したがって、以下のような様々なツールやテクニックを用いて、EPSの操作や歪曲を特定し、回避することが極めて重要である

財務諸表分析
財務諸表分析:財務諸表分析とは、企業の財務パフォーマンス、ポジション、見通しを評価するために、財務諸表と財務比率を調査し、解釈するプロセスである。財務諸表分析は、以下のような EPS 操作や歪曲の兆候、症状、または赤信号を検出することで、EPS 操作や歪曲を特定し、回避するのに役立ちます:
    * 純利益、EPS、または PER が、過去、業界、または同業他社のトレンドや平均と比較して、異 常または一貫性のない変化をしている。
    * 異なる会計手法、方針、前提条件、または営業外項目や経常外項目に起因する、当期純利益または EPS の大幅または頻繁な調整、消去、または正規化。
    * 自社株買い、M&A、特別項目、または収益管理による、純利益またはEPSの大幅または予期せぬ増減。
    * 純利益またはEPSの発生、キャッシュフロー、持続可能性、または持続性によって測定される、収益の質が高いか低いか。
    * 純利益またはEPSの標準偏差、変動係数、または収益サプライズによって測定される、収益の変動性またはボラティリティが高いか低いか。

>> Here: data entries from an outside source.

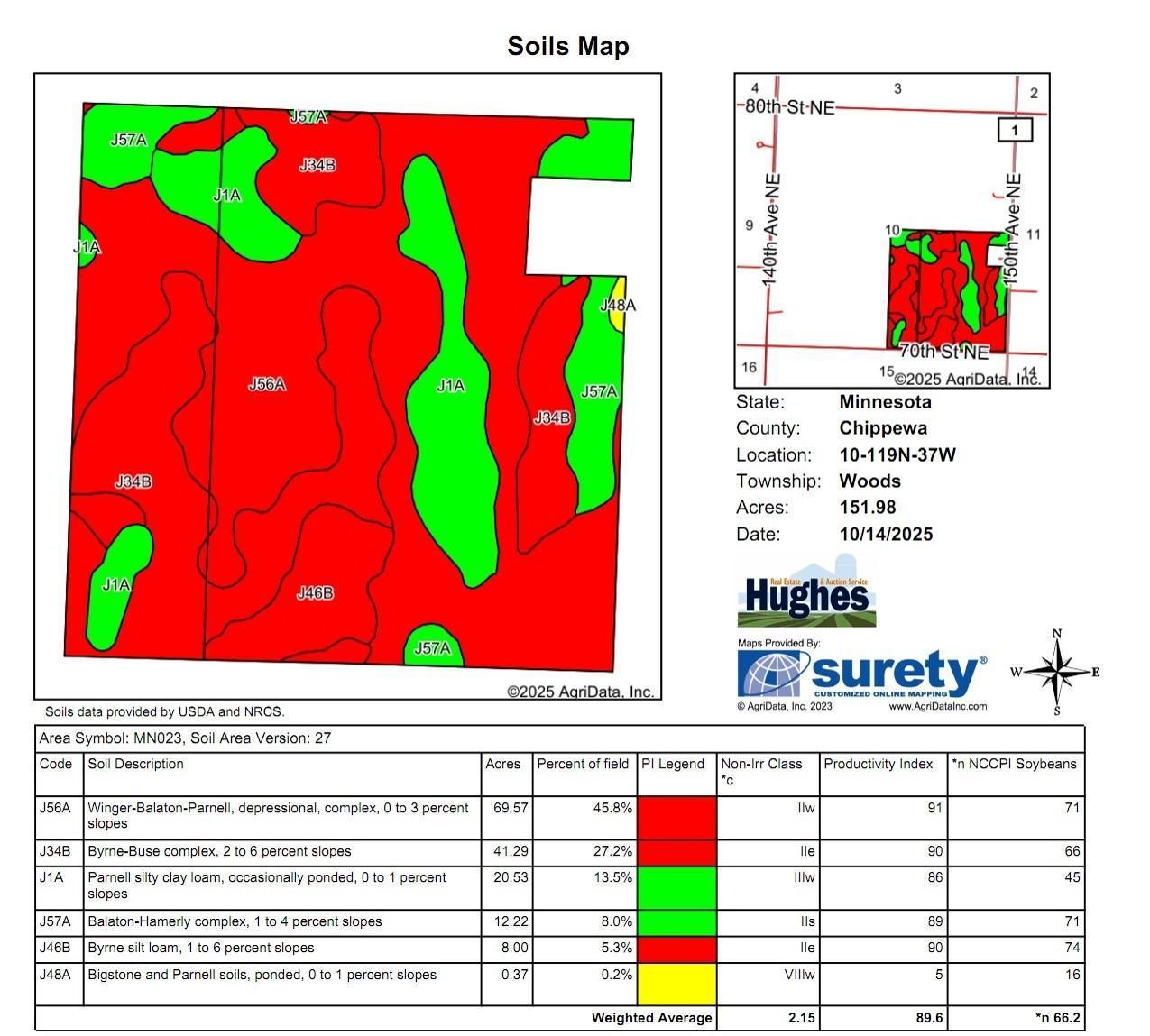 Online only land auction January 5-9, 2026. 154.48 Acres (+-) located in Section 10 of Woods Township, Chippewa County, MN. 151.98 (+-) Acres of Prime Chippewa County Tillable Farmland! Excellent Soils with a CPI of 89.6. Tile drainage included. Great addition to your farming operation or an investment property!
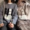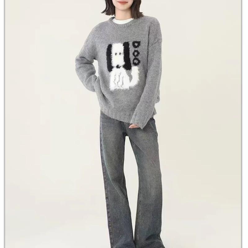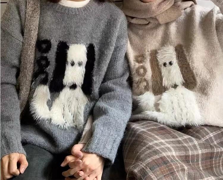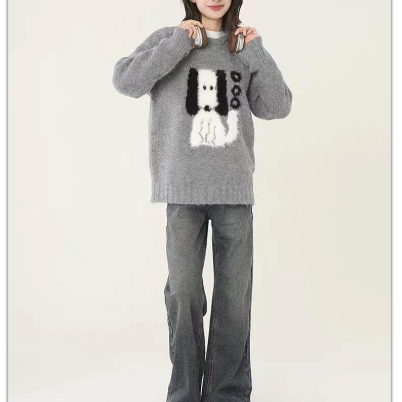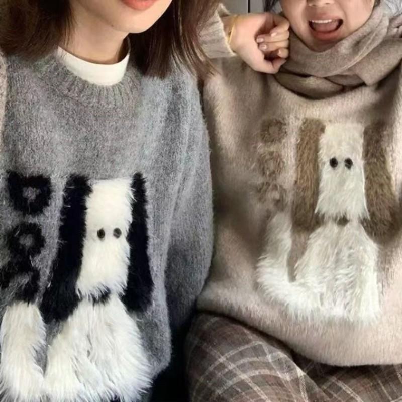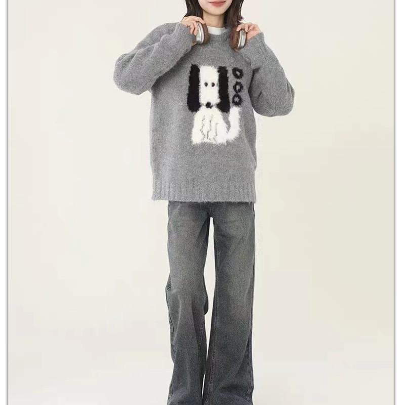 Suéter Tejido Jersey Cuello Redondo Moderno Holgado Top Perezoso Novedad Moderno Combinable Otoño e Invierno Suéter Holgado de Cachorro de Dibujos Animados para Mujer
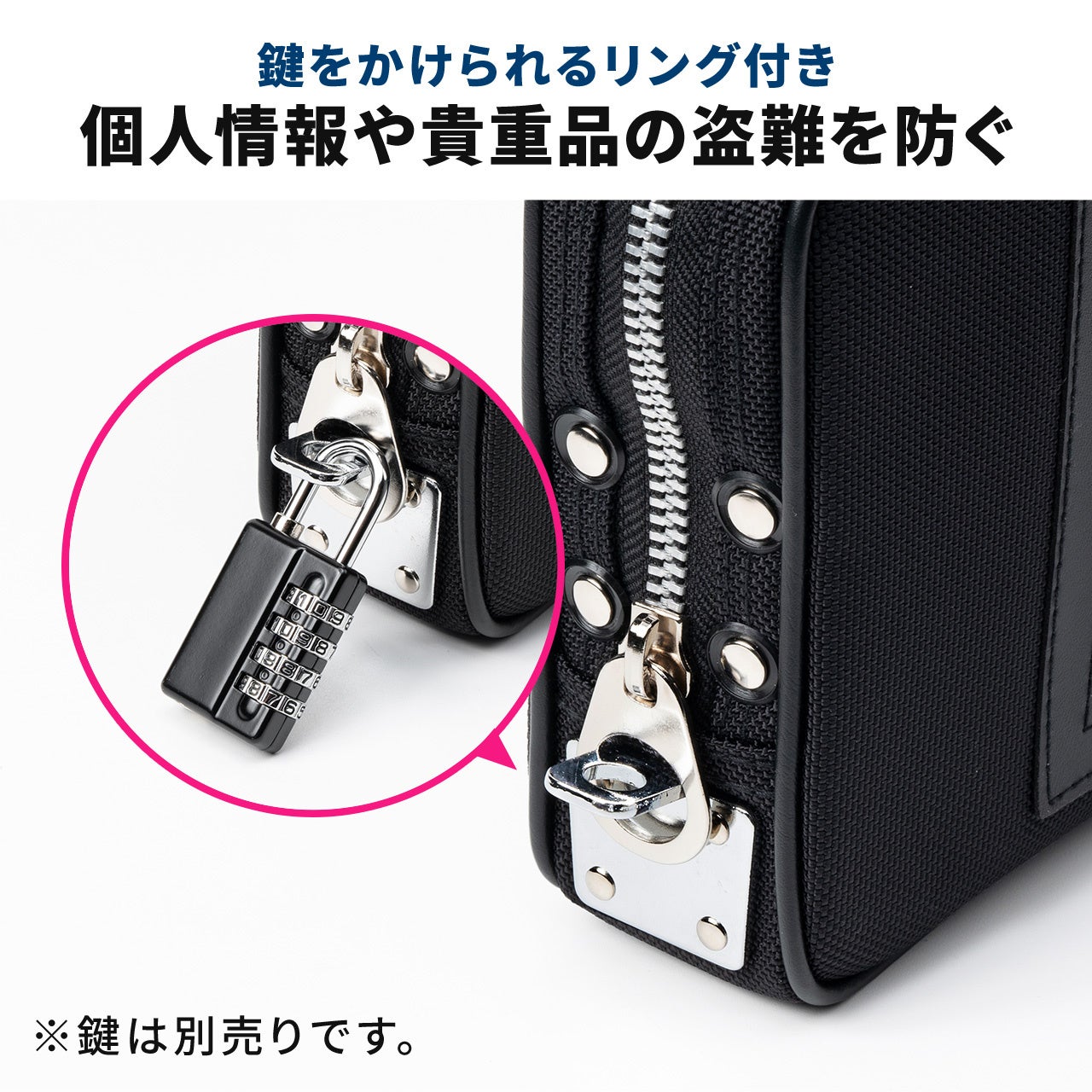 ファスナーの片側がリング状になっており、市販の南京錠、ダイヤル錠が取付けできます。

* 純利益またはEPSと売上高、営業利益、キャッシュフロー、株価との回帰、相関、またはグレンジャー因果関係によって測定される、収益の相関または因果関係が高いか低いか。
* 純利益またはEPSの収益目標、収益期待、役員報酬、ストック・オプションによって測定される、収益のインセンティブまたは動機が高いか低いか。

フォレンジック会計
フォレンジック・アカウンティングとは、会計、監査、調査技術を応用し、企業の財務諸表や財務取引を調査・分析し、不正、誤り、不公正を発見・防止すること。フォレンジック・アカウンティングは、以下のような様々なツールやテクニックを使用することで、EPSの操作や歪曲を特定し、回避するのに役立ちます。

ベンフォードの法則
ベンフォードの法則とは、現実世界における数値データの先頭桁がある一定の頻度分布に従うという統計的現象であり、そこでは桁の1が桁の9よりも頻繁に出現する。ベンフォードの法則は、実際の先頭桁の頻度とベンフォードの法則の予想頻度を比較することで、純利益やEPSなどの財務データの信憑性や信頼性をテストするために使用することができます。ベンフォードの法則からの著しい乖離は、財務データにおける操作や歪曲の存在を示す可能性がある。

ベニッシュ・モデル
ベニーシュ・モデルは、企業の財務諸表から導き出された8つの財務比率を用いて、Mスコアと呼ばれるスコアを算出する数学的モデルであり、収益操作の可能性を測定する。ベニッシュ・モデルは、企業のMスコアを-2.22のような閾値と比較することで、EPSの操作や歪曲を特定し、回避するために使用することができます。Mスコアが閾値より高ければ、利益操作の可能性が高いことを示している。

アルトマンZスコア
アルトマンZスコアは、企業の財務諸表から導き出された5つの財務比率を用いて、Zスコアと呼ばれるスコアを算出する財務計算式であり、企業の財務の健全性と倒産リスクを測定する。アルトマンのZスコアは、企業のZスコアを1.81~3.00といった値の範囲と比較することで、EPSの操作や歪みを特定し、回避するために使用することができる。Zスコアが数値の範囲より低ければ、企業の財務の健全性が低く、倒産リスクが高いことを示している可能性がある。


ファンダメンタル分析
ファンダメンタル分析とは、企業の成長性、収益性、リスク、競争優位性など、経済、業界、企業要因に基づいて、企業やその株式の本質的価値を評価するプロセスである。ファンダメンタル分析は、以下のような様々な手法を用いることで、EPSの操作や歪みを特定し、回避するのに役立ちます

割引キャッシュフロー(DCF)モデル
前述したように、DCF モデルは、企業の将来のフリー・キャッ シュ・フローを、企業への投資のリスクと機会費用を反映した割引率を用いて現在価値に割り 引く評価手法である。DCFモデルは、DCFモデルから導き出された企業または株式の本源的価値と、企業または株式の市場価値または同業他社の価値とを比較することにより、EPSの操作や歪曲を識別し、回避するために使用することができる。本源的価値と市場価値または同業者グループ価値との間に有意な差がある場合には、EPS に操作または歪曲が存在する可能性がある。

残余利益モデル
残余利益モデルは、株主資本の帳簿価額と、必要株主資本利益 率に対する当期純利益の超過額である残余利益の現在価値を加算することにより、企業の株主資本 価値を見積もる評価手法である。残余利益モデルは、残余利益モデルから導き出された企業またはその株式の本源的価値と、企業またはその株式の市場価値または同業他社グループ価値とを比較することにより、EPSの操作や歪曲を識別し、回避するために使用することができる。本源的価値と市場価値または同業者グループ価値との間に有意な差がある場合、EPS に操作または歪曲が存在する可能性がある。

配当割引モデル配当割引モデル
配当割引モデルは、株主資本コストを割引率として使用し、 将来の配当を現在価値に割り引くことによって企業の株式価値を見積もる評価手法である。配当割引モデルは、配当割引モデルから導き出された企業またはその株式の本源的価値と、企業またはその株式の市場価値または同業者グループ価値とを比較することにより、EPSの操作や歪曲を識別し、回避するために使用することができる。本源的価値と市場価値または同業者グループ価値との間に有意な差がある場合、EPS に操作や歪みが存在する可能性があります。

これらの方法を用いることで、企業のEPSを予測し、財務モデリングや予測に組み込むことができ、EPSを利用しより効果的かつ効率的な意思決定を行うことができる。

結論

EPSは、財務分析やバリュエーションにおいて、最も広く使用されている重要な指標の一つである。EPSは、企業が普通株式1株に対してどれだけの利益を生み出しているかを測る指標である。EPSは、企業の収益性、成長性、配当方針を示す重要な指標である。また、市場の期待や企業評価も反映する。EPSは多くの場合、企業の業績を比較するために使用される。